Sahi, ne zaman böyle sıcak bir ortam oluşmuştu ki? Acaba Kuroo ile ortak çocukluk arkadaşlarım var mıydı?

Anneme ilaçlar ve yangın hakkında sormaya korkuyordum doğrusu. Duyacağım şeyler pek hoşuma gitmeyecekti belli ki ve şu an tadımın kaçmasını istemiyordum.

"Hey, hey, hey! Hadi bana numaralarınızı verin. Bizim için bir grup açıcam."

Bokuto hepimizin numarasını kaydederken Kuroo benimkini ezberden söylemişti.

Bu çocuk cidden sapık.

Ayağa kalkıp gerinmeye başlarken molamın bitmek üzere olduğunu fark ettim.

"Ben işimin başına dönim en iyisi. Bokuto-san, Akaashi, tanıştığımıza tekrardan memnun oldum."

Onlarda memnun olduklarını dile getirirken Kuroo tişörtümün ucunu çekiştirip duruyordu. Sinirle ona döndüğümde masum bakışlar atarak,

"Görüşürüz öpücüğü vermiycek misin kediciğim." dedi.

Gözlerimden ateş saçarken dişlerimin arasından konuşuyordum.

"Sana ortam içinde bana yavşama demedim mi Kuroo?"

"He, yalnız kaldığımızda yap utanıyorum diyorsun yani."

Sinirle kafasına vurup ilerlemeye başlamıştım ki peşimden gelip elimi tutmakta gecikmemişti.

"Kediciğim, bak benim aklıma bi fikir geldi."

"Pek merak ettiğimden değil ama neymiş o parlak fikrin?"
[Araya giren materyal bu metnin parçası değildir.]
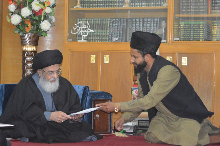 Whole nation salutes Pakistan army for uncovering the network of RAW and its supporting agencies – Hamid Moosavi ISLAMABAD, March 27: The Chief Patron of Supreme Shia Ulema Board and Tehreek e Nafaz e Fiqah Jafariya Agha Syed Hamid Ali Shah Moosavi has said that courageous resolve of General Raheel Shareef to complete the Economic corridor is becoming a reality. Whole nation salutes Pakistan army for uncovering the network of RAW and its supporting agencies. In order to clean the poison spread by the agencies of enemy states, the scope of Zarb e Azab operation must be extended to the whole country. Recent suicide bomb blasts in Quetta, Charsadda, Peshawar and target killing of Razi ul Hassan Advocate and members of police in Dera Ismail Khan is part of creating chaos along the route of economic corridor. Government must bring the perpetrators of these incidents to justice. Damages caused to the innocent Pakistanis due to terrorism while Indian support to the terrorists must be exposed through a comprehensive media campaign at international level. The progeny of every human is though his son however, the progeny of divine personality of Hazrat Muhammad (PBUH&HHP) originated from his sacred daughter Hazrat Fatima Zahra (S.A). According to the famous historian of Ahl e Sunnah, Imam Fakhar udd Din Razi, the world-wide spread of Saadaat e Uzzam is Allah’s befitting response to those who called the holy Prophet (PBUH&HHP) as “Abtar” on the demise of his sons Abdullah and Qasim while their own signs have been vanished. Respecting Sadaat is mandatory for every lover of the holy Prophet (PBUH&HP). He said this while addressing to a delegation of TNFJ Gujranwala led by Muballigh e Islam Allama Azhar Abbas Haidery, the son of an active leader of Pakistan movement, Taajul Munazireen Allama Taaj ud Din Haidery. On this occasion, Allama Azhar Haidery presented the script of his book written on the subject of Azmat e Khandan e Risalat and Hurmat e Saadaat, to Quaid e Millat e Jafariya Agha Syed Hamid Ali Shah Moosavi. Agha Syed Hamid Ali Shah Moosavi said that anti-Pakistan forces are trying to fail Pakistan since its inception and leave no stone unturned in causing damage to our motherland. Indian conspiracies broke Pakistan in 1971 which has been proudly accepted by the then Prime Minister Indra Gaandhi to the existing Prime Minister Moodi however; the international consciousness remained silent because Pakistan never fought her case of Indian aggression and intervention with full spirit. After London, Indian RAW’s involvement in Balouchistan has also been exposed. He said that some colonial forces and specially India are worried about the profitability of Pak-China Economic corridor and Gawadar projects and trying to fail these projects at any cost. India was planning to perform surgical strikes against Pakistan in the garb of Pathankot incident however; courageous armed force of Pakistan thwarted her conspiracy. Agha Syed Hamid Ali Shah Moosavi said that India tried to prove Pakistan as terrorist state however, she fell into her own trap and now it has been proved that India is the biggest terrorist state and 70 thousand Pakistanis have lost their lives due to her terrorist activities inside Pakistan. Pakistani government must escalate this issue to the international forums as otherwise, people of Pakistan will be rightful in considering that Government is trying to avoid this issue. Agha Syed Hamid Ali Shah Moosavi said that only the family of Sadaat enjoys this honor that it will exist till the time of Mehshar. According to a hadees of the holy Prophet (PBUH&HHP) every progeny originates from the son except the progeny of the holy Prophet (PBUH&HHP) that originates from her daughter Hazrat Fatima Zahra (S.A). Agha Moosavi said that Auliya and Fuqaraa from Sadaat families spread the teachings of Islam to the whole world through love, affection, sympathy and tolerance and due to their efforts the flags of Tauheed o Risalat o Walayat are waving high all across the world. On this occasion appreciated the efforts of the father of Allama Azhar Haidery, Taajul Munazireen Allama Taajuddin Haidery and Muballigh e Azam Allama Muhammad Ismail for the protection of Khatam e Nabuwwat and Radd-Qaadiniyat. |

Alt dudağını yaladı ve hafifçe sırıtarak,

"Neden çocukluk eşyalarımıza bakmıyoruz? Ben bir doktorla konuştum ve travmaya bağlı hafıza kayıplarında görsel canlandırma çok önemliymiş. Belki anılarını geri kazanırsın, ha?" dedi.

Parlak gözleri umut ve heyecan doluydu. Nedense o an onu reddedemeyeceğimi düşündüm.

Üstelik, belki de en anılarım geri gelirdi.

"Hmm, olabilir gibi. Sanırım."

"Ollleyy be."

"Ama baştan uyarim, fazla sırnaşmak, benimle uğraşmak ve utandırmak yok. Anlaştık mı?"

"Evett, anlaştık. O zaman ben sana mesaj atarım, bize gelebilirsin."

"Tamam, şimdi git arkadaşlarınla ilgilen."

"Tamam kediciğim."

Ah, sanki büyük olan benim. Tch, tam bir koca bebek. Söylene söylene kasaya geçerken bir yandan siparişleri alıp bir yandan bizimkileri kontrol ediyordum.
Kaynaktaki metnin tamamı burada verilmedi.